Jack’s review published on Letterboxd:
Feels like 3 very different half-baked movies slapped together of altering ideas of what the characters should be rather than one cohesive story, and is somehow simultaneously undercooked and overthought. It's like they got the window dressing right and forgot to put in the glass. There's just a few too many narrarive elements thrown in for the sake of checking off a list of "what we need in a Marvel film" rather than what actually feels right in the narrative. Even something as simple as a bad guy is clumsy. Jeff Goldblum as one of the villains is a lot of fun, turning his Goldblumness up to 11, but instead the main antagonist is Blanchett who doesn't have much to do at all, and every second cutting back to her feels like someone changing the channel to a different program.

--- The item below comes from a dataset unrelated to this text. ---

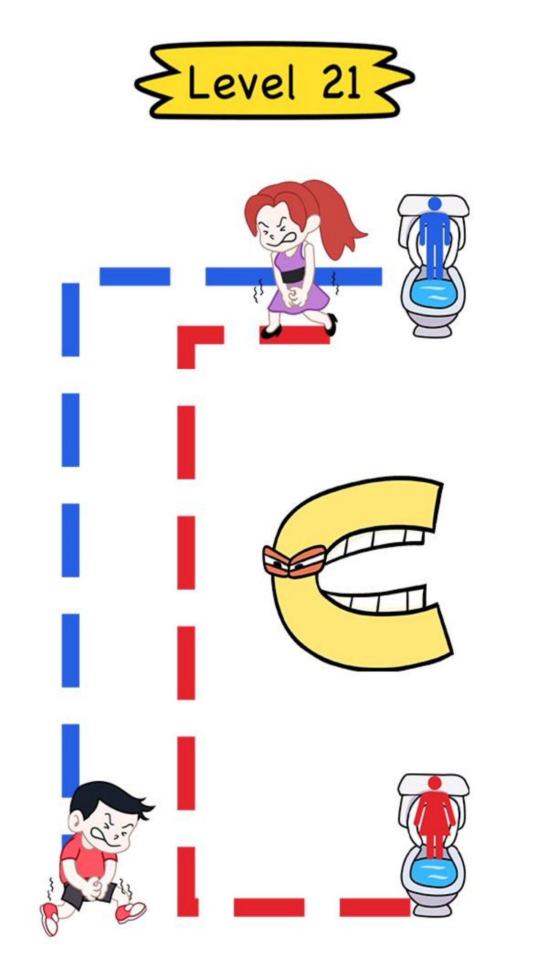 男孩和女孩顺着线跑到厕所,游戏就成功了。

Taika is obviously having fun playing in this world, and for better or worse has a complete disregard for the existing architecture the previous films had built and attempt to insert himself into the film (quite literally). There's a level of wreckless abandoment that can be appreciated in a franchise framework like this, but a lot of this is almost harmful to the strong elements of the other films. I kinda like the first Thor film for the dopey endearment of it's characters (such as Thor's warrior friends) who instead get 2 seconds of screentime and instantly killed and be replaced with Karl Urban's Kiwi accented bland character with the most boring arc possible. There was just a shockingly lack of love for any of the characters, and no reason to care for anyone or anything. Chris Hemsworth is just a completely different character here than he is in any of the Marvel films, not in terms of character growth, but instead tranformed into a complete clumsy goofball with some dry NZ humour. And the humour itself is ridiculously hit-and-miss, with the first act of the film leaving me extremely worried for what was to come. Thankfully the humour clicked a lot more as the movie went on and ended up being what saved the film from being bad.

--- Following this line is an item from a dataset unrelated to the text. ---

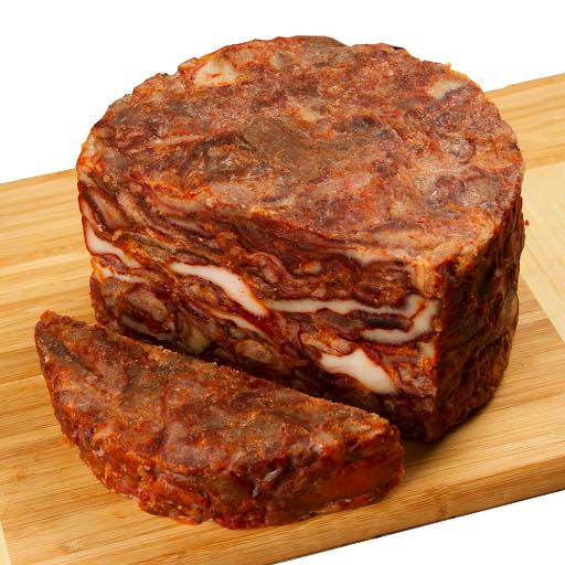 Esos trozos se colocan en moldes -generalmente redondos, parecidos al disco de un parmiggiano- y se prensan para escurrir toda la grasa y que tome una textura homogénea. Esta presentación se puede conseguir en mercados o en carnicerías de barrio.

I've long accepted it doesn't matter who directs Marvel films anymore, as they all fundamentally have to be the same movie by commitee. Even a filmmaker with a strong a personality as Taika Waititi can't break away from the formula. And unfortunately, even when it does shine through, a lot of the time it feels detrimental to the core of the movie. Just another one out of the assembly line, except this one has some proper jokes.